Toen op de derde dag de boten
met hun lading vermoeide bezoekers, muzikanten, bedienden en
schoothondjes vertrokken waren en de slaven de puinhopen opruimden,
stormde Owen Murphy opgewonden binnen met het bericht dat er op de
rivier een bende marrons onderweg was, die een bloedbad aanrichtte
onder de blanken en de slaven tot opstand aanzette. Het was bekend
dat gevluchte slaven soms door Amerikaanse indianenstammen werden
opgenomen, maar er zaten ook slaven in de moerassen, waar ze
langzaam veranderden in wezens van modder, water en alg, immuun
voor de muggen en het gif van de slangen, onzichtbaar voor het oog
van hun achtervolgers, bewapend met messen, geoxideerde machetes en
scherpe stenen, gek van de honger en de vrijheid. Eerst hoorden ze
dat de groep aanvallers uit zo'n dertig man bestond, maar een paar
uur later had men het al over honderdvijftig.

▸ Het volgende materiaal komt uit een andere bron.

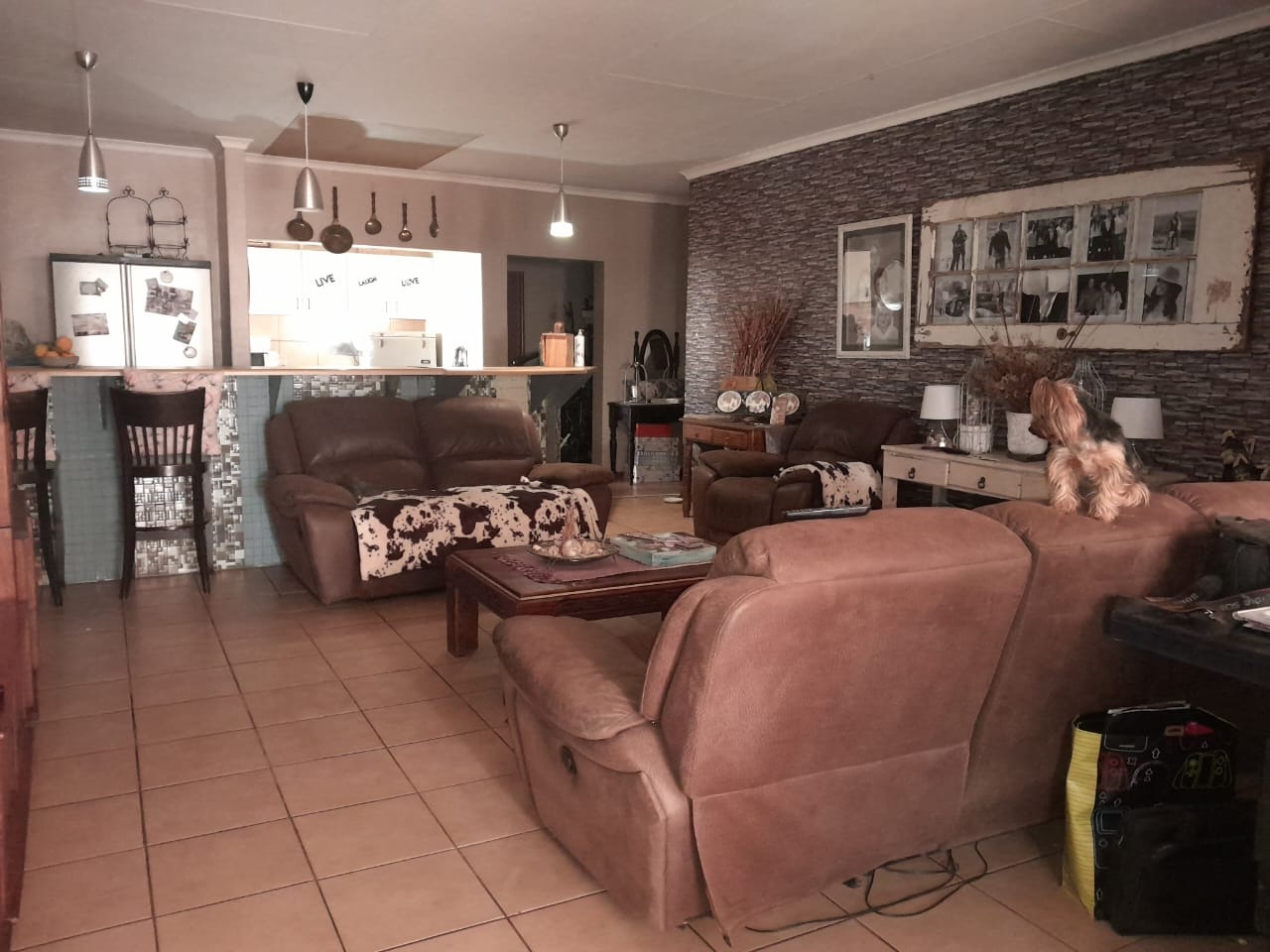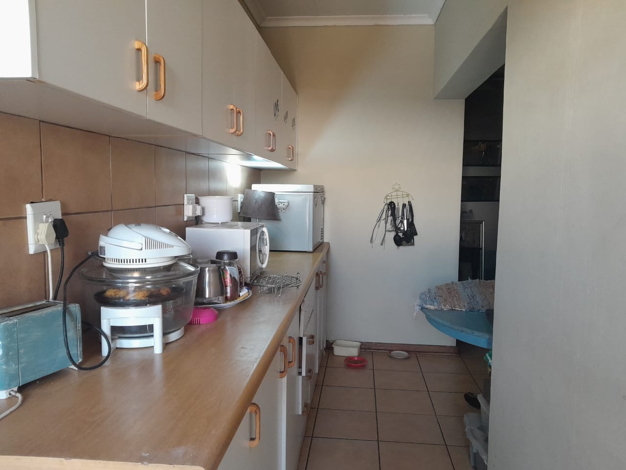 Next room we have is the lounge and open plan kitchen area - enclosed with Trellidor (because you can never be too relaxed), open, spacious, tiled. Kitchen counter to one side - imagine your teenager doing their homework while keeping you company in the kitchen.

'Komen ze hier ook naartoe,
Murphy? Denkt u dat onze negers mee zullen doen?' vroeg
Valmorain.
'Dat weet
ik niet, mijnheer. Maar ze zijn in de buurt en het is mogelijk dat
ze ons bereiken. En wat betreft onze eigen mensen, niemand kan
voorspellen hoe die zullen reageren.'
'Hoezo, kan niemand dat
voorspellen... Ze worden met alle mogelijke consideratie bejegend,
ze hebben het nergens beter dan hier. Ik ga met ze praten!' riep
Valmorain, die hevig verontrust door de kamer ijsbeerde.
'Dit is niet op te lossen met
praten, mijnheer,' probeerde Murphy hem uit te leggen.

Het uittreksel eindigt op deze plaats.